13:52karolherbst[d]: there is also the `SET_INLINE_QMD_ADDRESS` thing... but that alone didn't seem to do much
13:53karolherbst[d]: maybe I should dump whatever nvidia is doing there and see
13:53gfxstrand[d]: karolherbst[d]: Have you proven that?
13:55karolherbst[d]: I wouldn't say "proven", but if I use the same qmd for the 60 back to back dispatches it does seem to speed up, but who knows if I'll see the same if I don't hack it like that.

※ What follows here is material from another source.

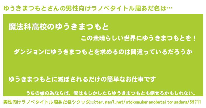 | 胡散臭い通販商品みたいなあだ名 | 『信頼と実績のサプリメント…その名も「ゆうきまつもと」』 |

13:56karolherbst[d]: like it got me quite close to nvidias perf
13:56gfxstrand[d]: Okay
13:56karolherbst[d]: the only difference was the root desc of course, I doubt the shaders runtime depends on the buffers content at all, because it's just a static loop
13:57karolherbst[d]: so let's say "there is a sign it might"
13:57gfxstrand[d]: It'd be interesting to know if Nvidia is dirty tracking. That shouldn't be too hard to do
13:58gfxstrand[d]: If we version the root table somehow and track the last QMD we should be able to avoid re-emitting.
13:58gfxstrand[d]: And maybe for some ML workloads that's worth doing.
13:58karolherbst[d]: heh
13:58karolherbst[d]: there are... other benefits of doing that
13:59gfxstrand[d]: ?
13:59karolherbst[d]: like if it helps for ML workloads, business might get more interested in NVK, which might also mean more funding for development, etc... kinda sucks, but it might also help with getting more people to work on it as a consequence
13:59gfxstrand[d]: In most games, every CS dispatch is a different shader so it's kinda meh. But for really compute heavy stuff I can see it.
14:01karolherbst[d]: right
14:50gfxstrand[d]: Okay, kernel patch reviewed. Hopefully those will be hitting -fixes soon
15:00gfxstrand[d]: I think I need to write a crucible test to see if this subc stuff mohamexiety[d] found is real
15:01gfxstrand[d]: Shouldn't be too hard, I don't think.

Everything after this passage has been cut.